Bases: OffpolicyAgent

Constrained Variational Policy Optimization (CVPO) agent.

More details, please refer to https://arxiv.org/abs/2201.11927.

Parameters:
  • env (gym.Env) – The Gym environment to train the agent on.

  • logger (BaseLogger) – The logger to use for the agent (default is DummyLogger).

  • cost_limit (int) – The cost limit of the task.

  • device (str) – The device to use for training (default is ‘cpu’).

  • thread (str) – The number of threads to use for training when using the CPU (default is 4).

  • seed (int) – The random seed to use for training (default is 10).

  • estep_iter_num (int) – the number of iterations for the E-step. (default=1)

  • estep_kl (float) – the KL divergence threshold for the E-step. (default=0.02)

  • estep_dual_max (float) – the maximum value for the dual variable in the E-step. (default=20)

  • estep_dual_lr (float) – the learning rate for the dual variable in the E-step. (default=0.02)

  • sample_act_num (int) – the number of actions to sample for the E-step. (default=16)

  • mstep_iter_num (int) – the number of iterations for the M-step. (default=1)

  • mstep_kl_mu (float) – the KL divergence threshold for the M-step (mean). (default=0.005)

  • mstep_kl_std (float) – the KL divergence threshold for the M-step (standard deviation). (default=0.0005)

  • mstep_dual_max (float) – the maximum value for the dual variable in the M-step. (default=0.5)

  • mstep_dual_lr (float) – the learning rate for the dual variable in the M-step. (default=0.1)

  • actor_lr (float) – The learning rate of the actor network (default is 5e-4).

  • critic_lr (float) – The learning rate of the critic network (default is 1e-3).

  • gamma (float) – The discount factor (default is 0.98).

  • n_step (int) – The number of steps to look ahead when computing returns (default is 2).

  • tau (float) – The critics soft update coefficient (default is 0.05).

  • hidden_sizes (Tuple[int, ...]) – The sizes of the hidden layers in the actor and critic networks (default is (128, 128)).

  • double_critic (bool) – Whether to use two critic networks instead of one (default is False).

  • conditioned_sigma (bool) – Whether the variance of the Gaussian policy is conditioned on the state (default is True).

  • unbounded (bool) – Whether to use an unbounded output layer for the actor network (default is False).

  • last_layer_scale (bool) – Whether to scale the last layer of the actor network (default is False).

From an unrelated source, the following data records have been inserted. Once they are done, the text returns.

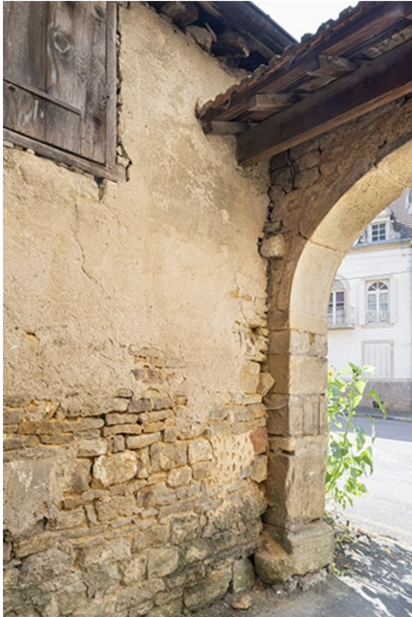
Détail de maçonnerie depuis la cour.
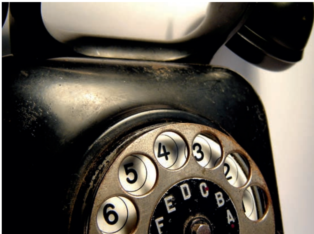
W sierpniu rozpoczęła się wymiana telefonów w ESBANKU
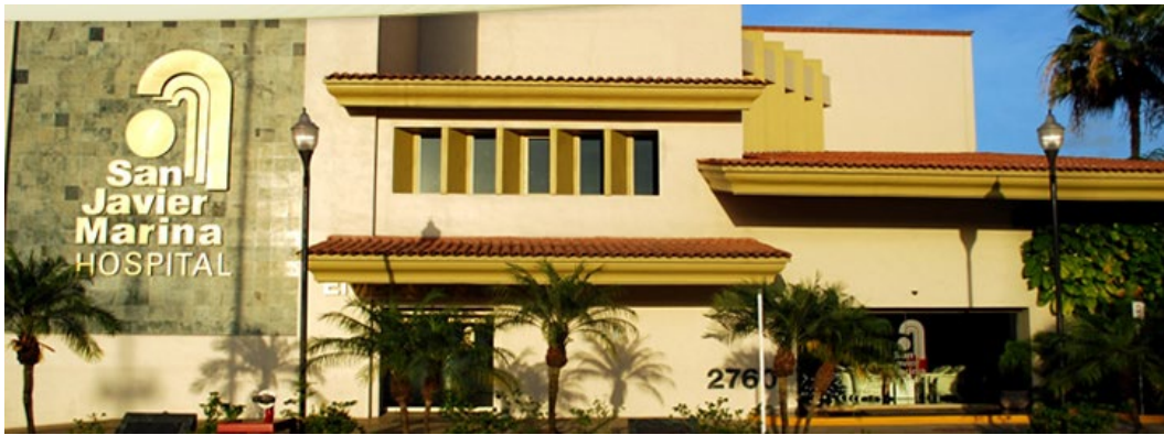
L'Hôpital San Javier Marina située à moins de 10 minutes à pied du camping!
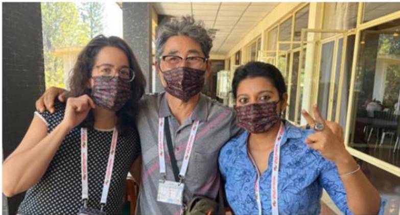
Face masks with the Servas logo (thanks to Servas Taiwan team!)
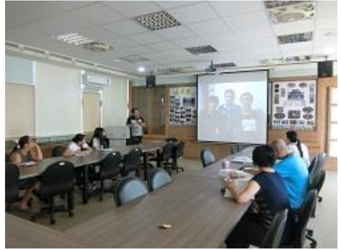
本校每學期固定辦理教師交通安全宣導講座。
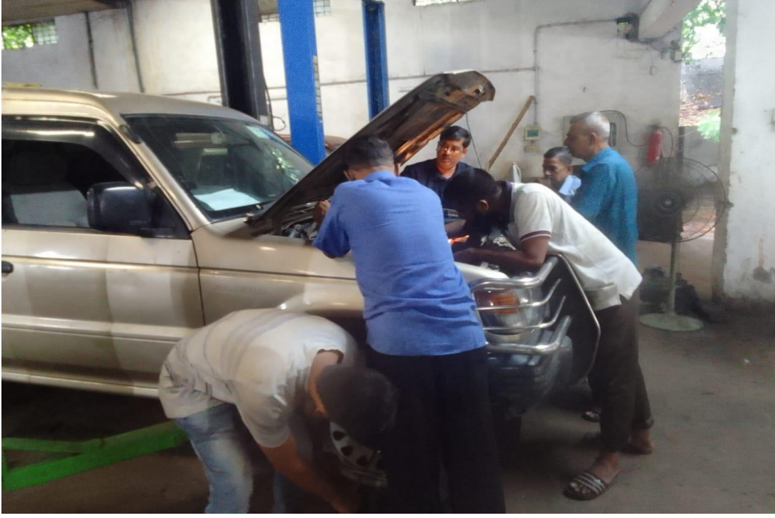
সরকারি যানবাহন মেরামত কারখানায় একটি জীপগাড়িতে ইঞ্জিন মেরামত কাজ
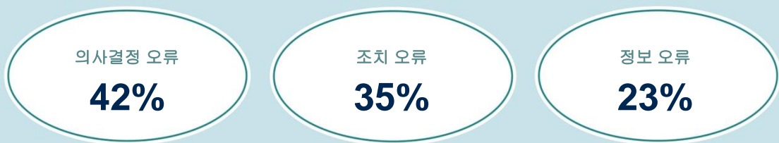
인적 오류(HOOEY & FOYLE, 2006)

항공 관련 의사결정 오류는 일반적으로 사소한 실수나 부주의가 아니라 착오입니다. 다시 말해서, 문제는 올바른 결정의 불이행이 아니라 애초에 잘못되거나 부실한 결정을 내리는 데 있습니다. 계획은 의도한 대로 진행되지만, 머지 않아 현재 상황에 적합하지 않거나 부적절한 것으로 판명됩니다. 이러한 이유로 의사결정 오류를 진실하고 정직한 착오라고 합니다.

  • deterministic_eval (bool) – Whether to use a deterministic policy during evaluation (default is True).

  • action_scaling (bool) – Whether to scale actions by the maximum action value (default is True).

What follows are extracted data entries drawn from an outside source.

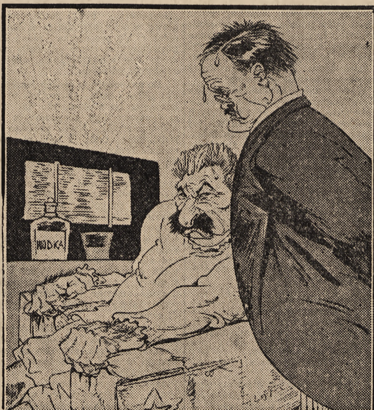
— Te cwaniaki udają, że wierzą w nasze zblagowane zwycięstwa i pod tym pozorem wykręcają się od przysłania obiecanej pomocy! („Kladderadscht“).

(tp) SZTOKHOLM, 12. 8. — Również żona Gandhiego została aresztowana w dniu wczorajszym. Angielskie biuro informacyjne Reuter potwierdza tą wiadomość. W związku z aresztowaniem Gandhiego podano do wiadomości w niedzielę wieczór następujące szczegóły: rano około godz. 5-ej zjawiły się przed domem Gandhiego trzy samochody policyjne. Gandhiego obudzono i odprowadzono do jednego z tych samochodów. W chwili kiedy opuszczał on mieszkanie, mężczyźni i kobiety zgromadzeni przed domem wolałi: „Niech żyje Gandhi!“ Reuter komunikuje, że tym razem areszt Gandhiego ma mieć ostrzejszy charakter.
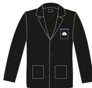
Noormeeste / meeste kootud pintsak ANDERO Nööbide randi värvus erksinine Suurused: S - XXL Materjal: 50% peen meriino vill, 50% polüakrüül Hind: 48.00 eur
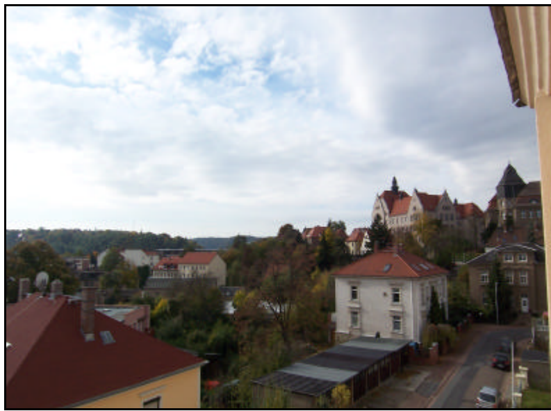
Blick aus dem Wohnzimmer

Bei Mietvertragsabschluß entsteht unsererseits gegenüber dem Mieter ein Provisionsanspruch in Höhe von 0 Monatskaltmiete zzgl. Mehrwertsteuer. Alle Angaben nach bestem Wissen. Irrtum und Zwischenvermietung vorbehalten. Dieses Exposé ist eine Vorinformation, als Rechtsgrundlage gilt allein der Mietvertrag.
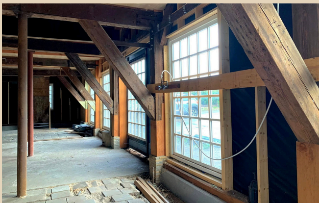
Foto's van het Pothuis genomen tijdens Open monumentendag 13 september 2025.
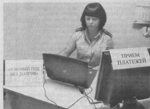
■ Участие граждан в акции исключительно добровольное, принудительно взыскивать долги во время нее судебные приставы не намерены.

  • action_bound_method (str) – The method to use for action bounds (‘clip’ or ‘tanh’) (default is ‘clip’).

  • torch.optim.lr_scheduler.LambdaLR – The learning rate scheduler (default is None).

See also

Please refer to BaseAgent and OffpolicyAgent for more details of usage.

name = 'CVPOAgent'
policy: BasePolicy
class fsrl.agent.SACLagAgent(env: ~gymnasium.core.Env, logger: ~fsrl.utils.logger.base_logger.BaseLogger = <fsrl.utils.logger.base_logger.BaseLogger object>, cost_limit: float = 10, device: str = 'cpu', thread: int = 4, seed: int = 10, actor_lr: float = 0.0005, critic_lr: float = 0.001, hidden_sizes: ~typing.Tuple[int, ...] = (128, 128), auto_alpha: bool = True, alpha_lr: float = 0.0003, alpha: float = 0.002, tau: float = 0.05, n_step: int = 2, use_lagrangian: bool = True, lagrangian_pid: ~typing.Tuple[float, ...] = (0.05, 0.0005, 0.1), rescaling: bool = True, gamma: float = 0.99, conditioned_sigma: bool = True, unbounded: bool = True, last_layer_scale: bool = False, deterministic_eval: bool = False, action_scaling: bool = True, action_bound_method: str = 'clip', lr_scheduler: ~torch.optim.lr_scheduler.LambdaLR | None = None)[source]

Bases: OffpolicyAgent

Soft Actor-Critic (SAC) with PID Lagrangian agent.

More details, please refer to https://arxiv.org/abs/1801.01290 (SAC) and https://arxiv.org/abs/2007.03964 (PID Lagrangian).

Parameters:
  • env (gym.Env) – The environment to train and evaluate the agent on.

  • logger (BaseLogger) – A logger instance to log training and evaluation statistics, default to a dummy logger.

  • cost_limit (float) – the constraint limit(s) for the Lagrangian optimization. (default: 10)

  • device (str) – The device to use for training and inference, default to “cpu”.

  • thread (int) – The number of threads to use for training, ignored if device is “cuda”, default to 4.

  • seed (int) – The random seed for reproducibility, default to 10.

  • actor_lr (float) – The learning rate of the actor network (default: 5e-4).

  • critic_lr (float) – The learning rate of the critic network (default: 1e-3).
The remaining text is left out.